LightOJ DNA Prefix(字典树+dfs)

http://acm.hust.edu.cn/vjudge/contest/view.action?cid=121897#problem/F

F - DNA Prefix

Time Limit:2000MS     Memory Limit:65536KB     64bit IO Format:%lld & %llu

Submit Status

Description

Given a set of n DNA samples, where each sample is a string containing characters from {A, C, G, T}, we are trying to find a subset of samples in the set, where the length of the longest common prefix multiplied by the number of samples in that subset is maximum.
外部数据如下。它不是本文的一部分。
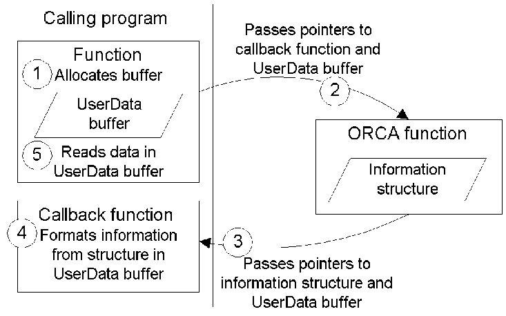 When the ORCA function needs to report information, it calls the callback function. It passes pointers to the structure holding the information and the UserData buffer.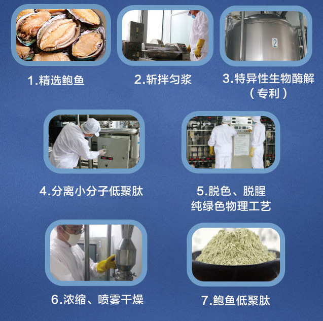 胶原是动物组织细胞外基质的一种结构蛋白,主要存在于动物的皮肤、骨、肌腱、韧带及结缔组织等部位中。胶原蛋白是胶原在酸、碱、酶或高温作用下变性后的产物。鳕鱼皮中的胶原蛋白含量占总蛋白含量的70%以上。鱼胶原蛋白肽是以鳕鱼皮为原料,经专用复合酶酶解后获得的一系列小分子肽,它们分子量小、易吸收,产品无苦味、腥味,为白色粉末状,可应用于保健品、食品、化妆品等领域。

To be specific, let the samples be:

ACGT

ACGTGCGT

ACCGTGC

ACGCCGT

If we take the subset {ACGT} then the result is 4 (4 * 1), if we take {ACGT, ACGTGCGT, ACGCCGT} then the result is 3 * 3 = 9 (since ACG is the common prefix), if we take {ACGT, ACGTGCGT, ACCGTGC, ACGCCGT} then the result is 2 * 4 = 8.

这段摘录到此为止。